I told Sean earlier that I think today pretty much sums up our lives. Marriage and parenting are things that are beautiful and enriching when you zoom out and take a long view, but will naturally have bumps and turbulence along the way. Just like life. And in many ways, today was a picture of that.
We had been planning for a while to go to a children’s museum in a city about an hour away, and so had decided that today would be the day it would make it happen. Still, we treasure our lazy Saturday mornings, so when Sean and I got up and he asked when I wanted to leave, I said “let’s have a leisurely morning and not rush.” We agreed that we would leave “late morning.” Unfortunately “leisurely” meant something different to me than it did to Sean, and we ended up at odds 0ver it halfway through the morning. He was all “you said leisurely” and I was all “if this is what you mean by leisurely we won’t get out of the door while it’s still morning.”
But one thing I’ve learned over my half decade of marriage is that if I get upset over every little thing or every little plan disruption, it simply raises my blood pressure and does no one any good. So rather than getting mad and freezing Sean out, as I might have early in our marriage, we talked about our miscommunication and re-synced our expectations.
Half an hour after the morning ended, we were finally on our way to the children’s museum. The children both fell asleep, and Sean and I passed the time in our usual way: I read aloud while he drove. This time, I read from Jerry Falwell’s 1980 Wake Up, America! (Yes, this is the usual way we pass our time on car trips.) After making some wrong turns (but not as many as we sometimes make!), we found a spot outside the museum. (That scene in The Incredibles where Bob and Helen are landing the van and trying to find their way downtown through busy traffic? That scene is a perfect example of how Sean and I usually handle directions.) The children woke up right after we parked—in other words, the timing was perfect.
At the museum, Sean and I traded off—sometimes he had Bobby while I followed Sally, and sometimes the reverse. I ended up watching Sally most of the time while Sean carried Bobby around on his shoulders. And actually, Sally is super fast and the children’s museum was quite crowded, so I spent almost as much time trying to figure out where she’d gone now as I did right with her. There was one exhibit that was a hall of mirrors, but there were floor-level passages throughout, and I had a stroller with me so I couldn’t have gone through those if I had wanted to, and, well, that exhibit was the bane of my afternoon.
The thing about trying to raise independent and confident children is that they end up being, well, independent and confident. And this meant that Sally had absolutely no worries about not having me nearby. I told her shortly after we arrived that if she got lost she should find another mom and explain her situation and that mom would help her*, but Sally never did this any of the numerous times I temporarily lost track of her because she never, well, felt lost.
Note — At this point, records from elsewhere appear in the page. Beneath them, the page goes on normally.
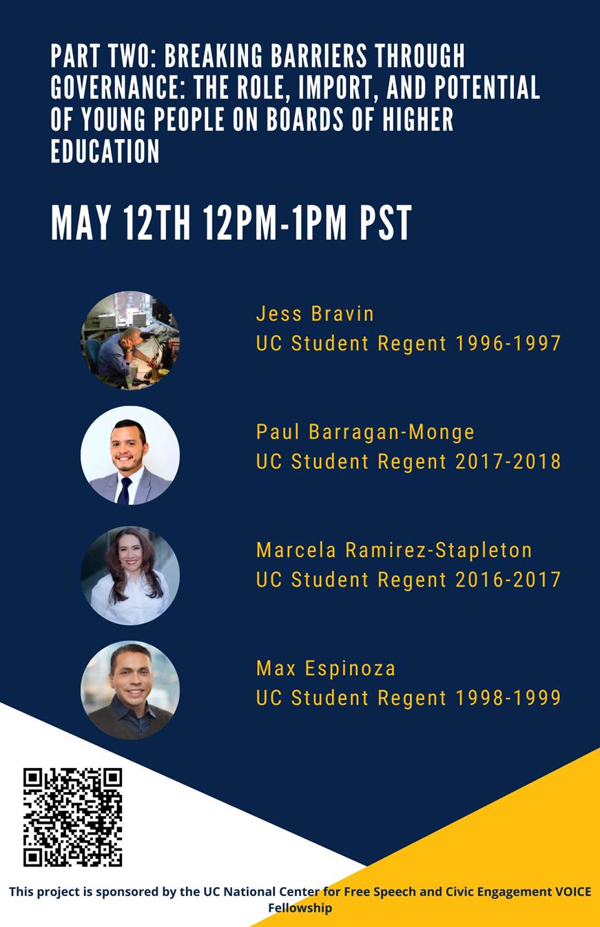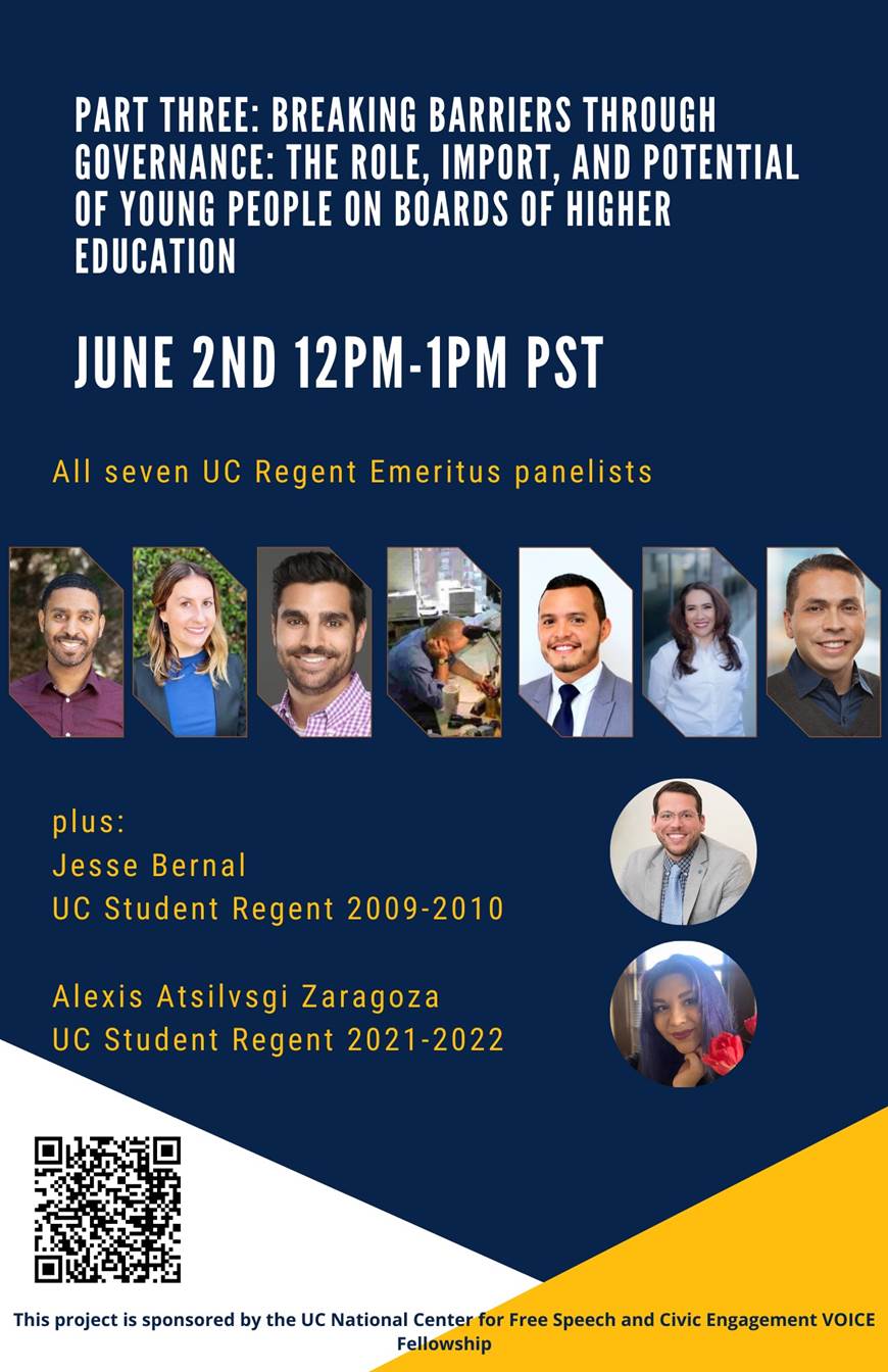 Our conversation on June 2nd will invite panelists to work together with audience members to address the most critical UC issues in today's environment. We hope the audience will learn that the role of Student Regent is often met with conflicting needs of their constituents, issues that require extensive collaboration with state and local leadership, and issues that require both short and long-term problem-solving.
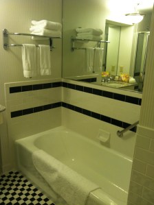 The room was very nice with a large soft bed and feather pillows.  A desk, a soft chair and a love seat filled the room but didn’t make it feel crowded at all.  The bathroom had both a shower and a separate soaking tub and a large vanity with enough space that you didn’t need a second, but if you did there was an extra vanity outside the bathroom next to the closet.   I can’t remark enough about how much I like the bathroom.  I would love to redo the one in our condo just like it, but alas I don’t think we have enough space to make it work (and I’ve been told that getting rid of the walk-in closet is out of the question).
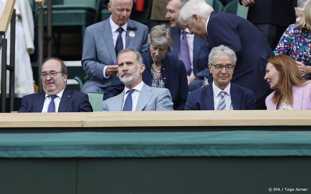 De Spaanse vorst is aanwezig om zijn landgenoot Carlos Alcaraz aan te moedigen. Felipe ontmoette de jonge Spaanse tennisser al eerder, nadat hij vorig jaar de US Open had gewonnen.
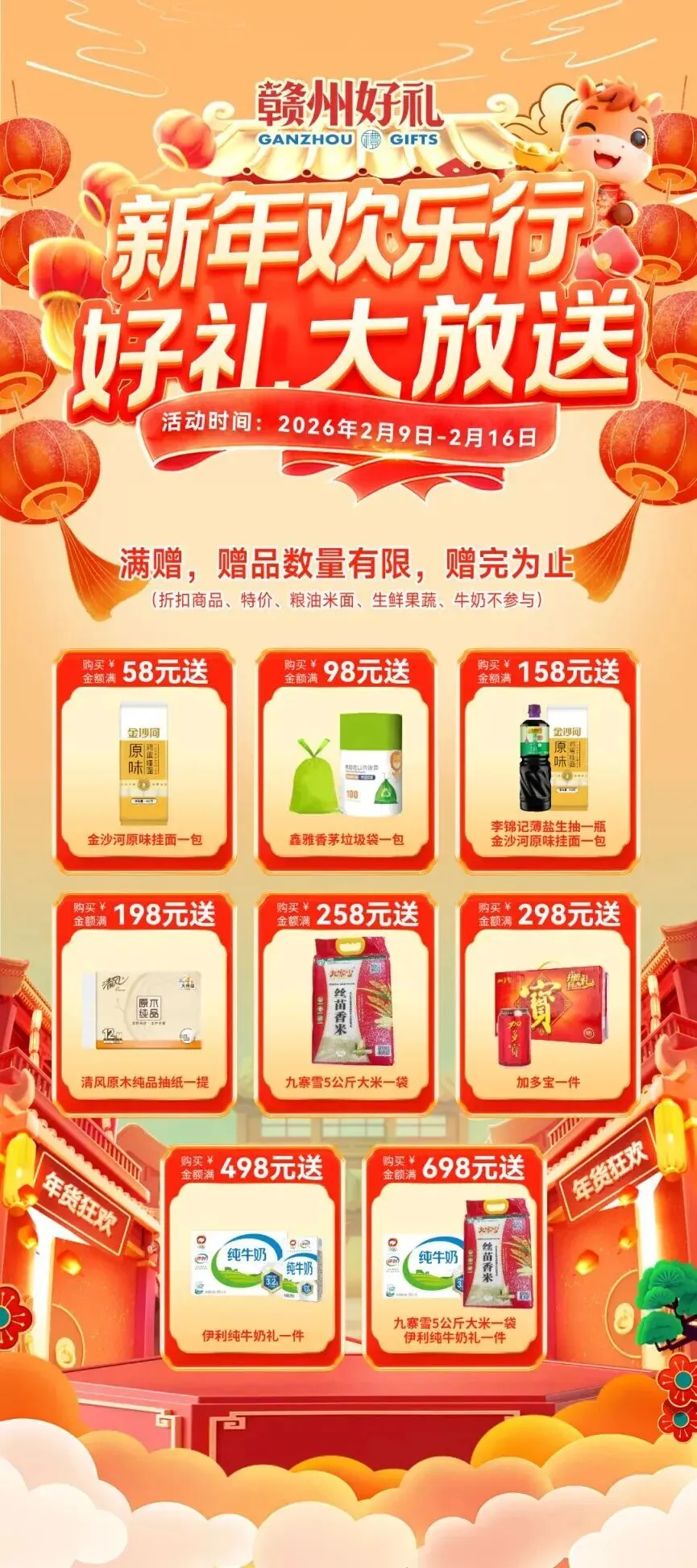 2026 年新春佳节将至,赣州好礼携满满诚意,重磅开启「新年欢乐行 好礼大放送」活动,用实实在在的福利,陪你解锁红火年味!
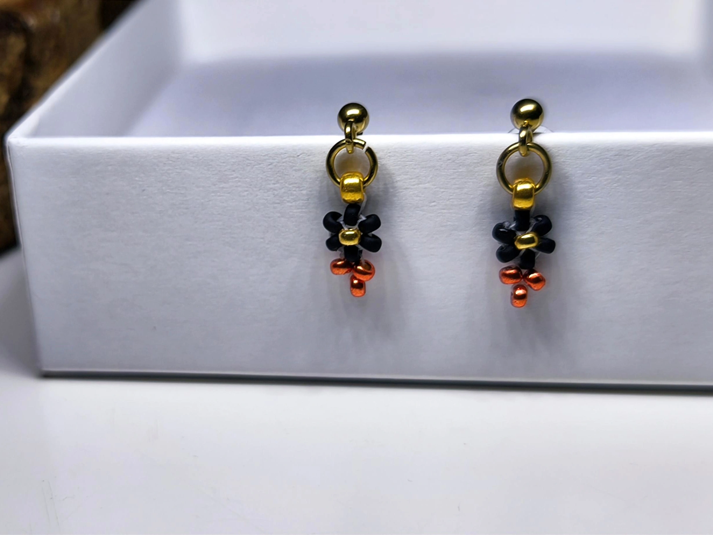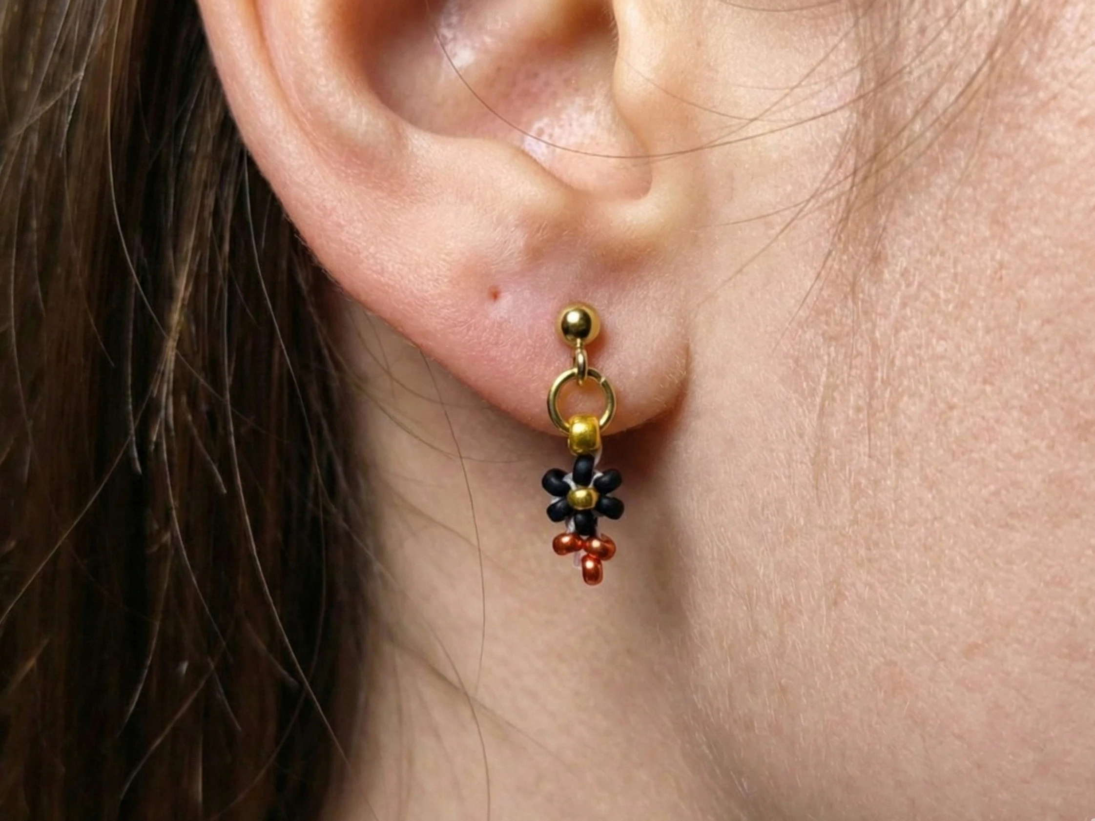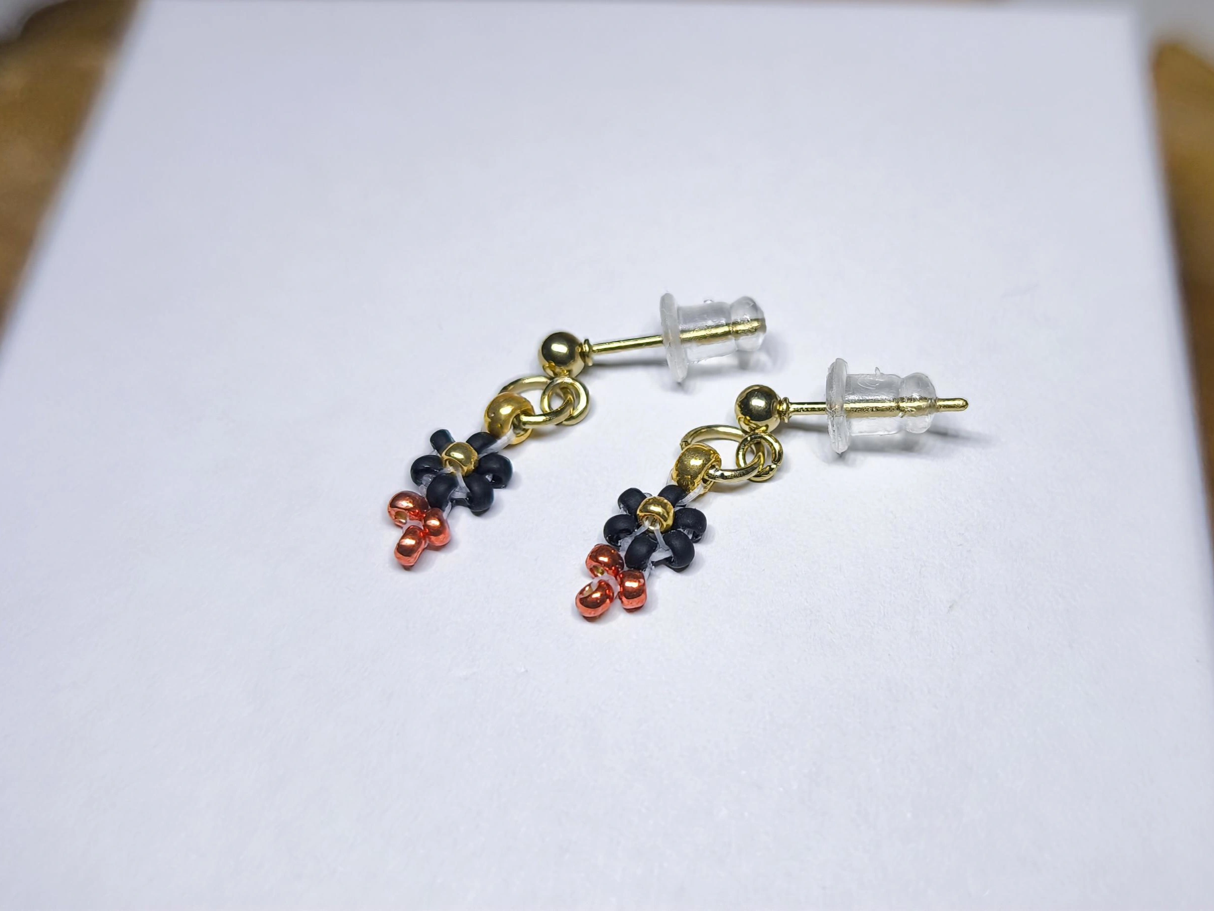 Každý miniaturní kvítek je precizně ručně vyroben ze skleněných japonských korálků Miyuki o velikosti 2-3 mm. Elegantní černá barva je ve spodní části doplněna o metalické měděné (rezavé) korálky, které na světle krásně září. Střed kvítku je zdoben zlatou barvou. Celý přívěsek je vytvořen na vysoce pevném vlasci značky Fireline. Pro maximální odolnost a jistotu je šňůra zakončena pevným uzlíkem, zajištěným speciálním lepidlem.

When we first arrived at the restaurant things didn’t go so very well. First Sally got struck in a high chair. Really. See, she saw Bobby’s high chair and then, even though she’s big enough for a normal chair, announced that she wanted one too. So we got her one. And then when we put her in she sat down before getting her legs through the holes and ended up wedged in the seat. It took several minutes to get her out, and she spent the entire time crying. Loudly. In the middle of the restaurant. Next, after we replaced Sally’s high chair with a normal chair, Sally insisted repeatedly that she wanted to sit in my seat instead of her own, and started crying. I was putting her off because I was holding Bobby, who had just woken and was crying, and didn’t want to get up and switch seats. At this point Sean suggested that we get up and leave.
It’s funny, when this sort of thing happens I have the ability to maintain a sort of distance from the situation. It’s almost like I can look at myself from a distance and laugh at the situation. Perhaps it’s a defense mechanism? In any case, I knew that Bobby would be fine once we could get him some rice, and it suddenly dawned on me that Sally might be asking to switch spots with me because her chair’s cushion had a tear in it, so I suggested we stick it out. Sure enough, once the rice arrived and Sean took Sally’s chair and gave her his, peace was restored. The rest of the meal was delightful. And yes, Bobby made the biggest rice mess you ever saw.
When we arrived home we went into the living room and Sean turned on Mulan. He’d gotten his hands on a copy a couple days before, because he found out I had never seen it, and he had been wanting to show it to Sally and I and also to relive his own childhood memories. I had never seen it because it included ancestor worship, and other such demonic influences. Anyway, Sally and I thoroughly enjoyed the movie and Bobby played happily around the room until it came time for him to be put to bed partway through. After the movie, Sally fell asleep on the couch and, well, she’s sleeping beside me now. I’m headed up to bed now myself.
But it strikes me, like I said, that this day is sort of a picture of my life. There are minor miscommunications and annoyances, but I’m learning to handle these things better than I might have in the past. And, when I step back and look at the whole day, just like when I step back and look at my life today as a graduate student, wife, and mother, what I see is beautiful and full of happy memories.
* For an explanation, see this comment thread.